While fast dormancy has been helpful in reducing energy consumption of background applications on mobile devices, existing approaches of employing aggressive timers can cause significant increase in the signaling load in the operator’s network, even for networks that support PCH state.
We now describe two fundamental issues with fixed idle timer-based fast dormancy approaches, which can cause an unpredictable and significant increase in signaling load.
First, some applications are very chatty in the background, e.g., email clients such as Outlook and instant messaging clients like Lync and Skype. Figure 2 shows the CDF of inter-packet times when the client is running in the background. Notice that the inter-packet times span a large range of values with no distinctive knee. No matter what value is chosen for a fixed inactivity timer, packets can still arrive immediately after the timer has expired, causing the radio to be woken up immediately, thereby increasing the signaling overhead. RadioJockey operates at the granularity of sessions rather than packets. As we show in Section 5, our program analysis-based approach is able to distinguish between active and inactive sessions since it identifies/predicts the end of communication spurts.
Secondly, cellular network characteristics can change dramatically due to user mobility or changes in load characteristics. Packets may be delayed when there are sudden latency spikes. If aggressive idle timers are used, such scenarios can cause the signaling load to increase tremendously.
Figure 3 shows the CDF of packet inter-arrival distribution for Lync, an instant messenger application running in the background, for two cases: 1) when the node is stationary, and 2) when the node is mobile while attached to a 3G network.

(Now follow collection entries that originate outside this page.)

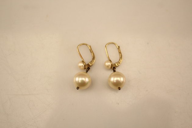 121. Örhängen i förgyllt silver med odlade pärlor 1 par
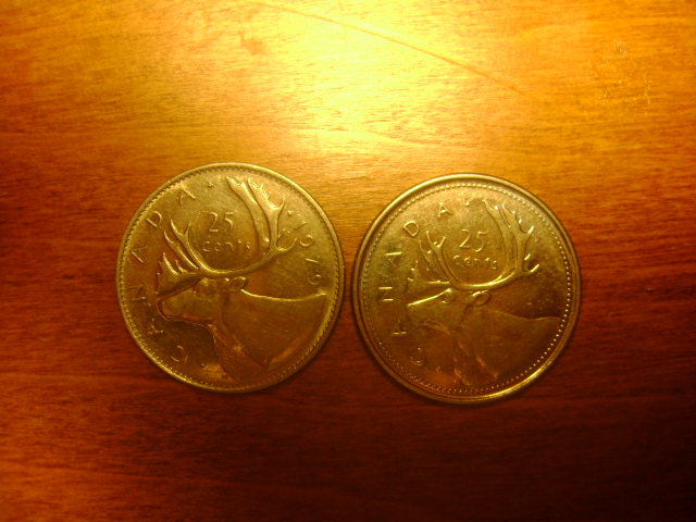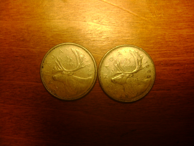 I also question these from Canada. the 2 below appear to be Silver from 1963 and 68 and the one on the right appears to be a slightly different than the other 25 cent pieces
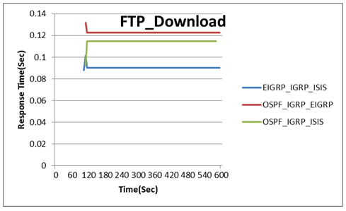 The response time of The EIGRP_IGRP_ISIS is the best performance than the two other scenarios as shown in Figure 12 since it is the fastest one for the FTP downloading service.

The 98 percentile of packet inter-arrival times increases from around 500ms for the stationary node to over 3s for the mobile node. Again, as we show in Section 5, since our program analysis-based approach is looking for rules identifying end of sessions, learning rules from the stationary node trace and applying the rules to the mobile scenario works well, which accords with the intuition that the program execution would remain unaffected by mobility.
In summary, inactivity timer based approaches are oblivious to whether there will a packet transmission in the near future. It is based on ad-hoc timers values, which is prone to errors. We take a different approach. We predict inactivity based on program behavior. Our prediction-based technique has two advantages: 1) it is able to shut down the radio as soon as the communication spurt ends, without waiting for an inactivity timer, and 2) makes it unlikely that there will be an immediate packet transmission, which would otherwise increase signaling costs.

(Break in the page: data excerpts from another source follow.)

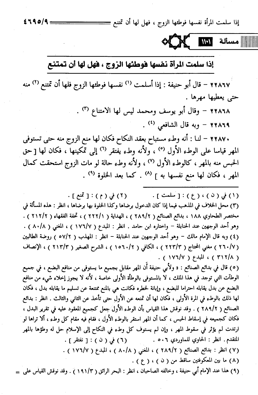 22868 - وقال أبو يوسف ومحمد ليس لها الامتناع.
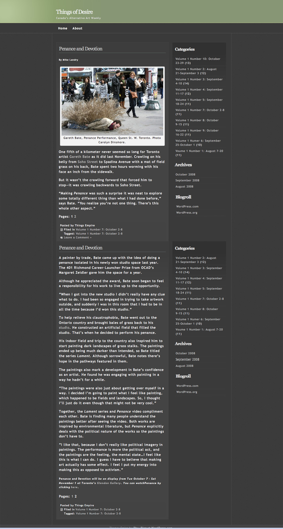One fifth of a kilometer never seemed so long for Toronto artist Gareth Bate as it did last November. Crawling on his belly from Soho Street to Spadina Avenue with a mat of field grass on his back, Bate spent two hours worming with his face an inch from the sidewalk.
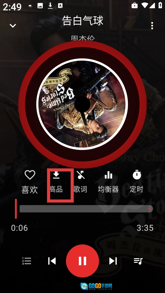 进入EMO音乐板块后,随机播放一首歌曲,找到对应的“”按钮。
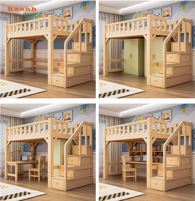 Mẫu giường gỗ cho bé đẹp tích hợp bàn học và tủ áo tiện ích.

The objective of RadioJockey is to learn application-level signatures that predict network-level behavior. In this section, we first describe our intuition behind this approach. We then provide relevant definitions and describe RadioJockey’s learning engine. Next, we describe the design of the run-time engine that implements rule-matching and the invocation of fast-dormancy. Finally, we describe several design decisions we made in the course of determining the specifics of the learning strategy.
A program consists of one or more code paths (sequence of function calls) where each path is invoked in response to application logic and data. The various code paths can be identified by the function calls, stack traces, and system calls invoked as the program executes.
Often, for programs which perform sporadic background network tasks, a certain set of code paths lead to the application actively using the network, and a different set of code paths execute when the application stops using the network. The code paths include operations such as message processing, updating internal state, GUI window updates, memory allocation/deallocation, and closing of sockets/object handles. By identifying code paths that are correlated with the state of the program at the end of network sessions, and also during active network usage, we should be able to predict when the program is likely to stop communicating for a prolonged duration of time. Predicting such inactivity in advance allows us to determine when to invoke fast-dormancy and achieve energy savings while limiting the signaling overhead.
We define an active network session as a time period over which the application sends or receives packets such that no two consecutive packets occur more than ts seconds apart. ts is the end-of-session window parameter. An end-of-session (EOS) is an event that occurs when the last packet of an active network session is seen. Therefore, ts defines when EOS events occur in a given network trace that an application generates. Figure 4 depicts a traffic trace of an application, where packets are grouped into two active network sessions separated by more than ts seconds.
The period ts is chosen such that by invoking fast-dormancy immediately after the last packet in a session, there will be energy savings compared to a scenario where the radio remains in the active state between the two sessions. The goal of RadioJockey is therefore to predict whether the most recent packet transferred over the cellular interface happens to be the last packet in the current active network session, and if so invoke fast-dormancy.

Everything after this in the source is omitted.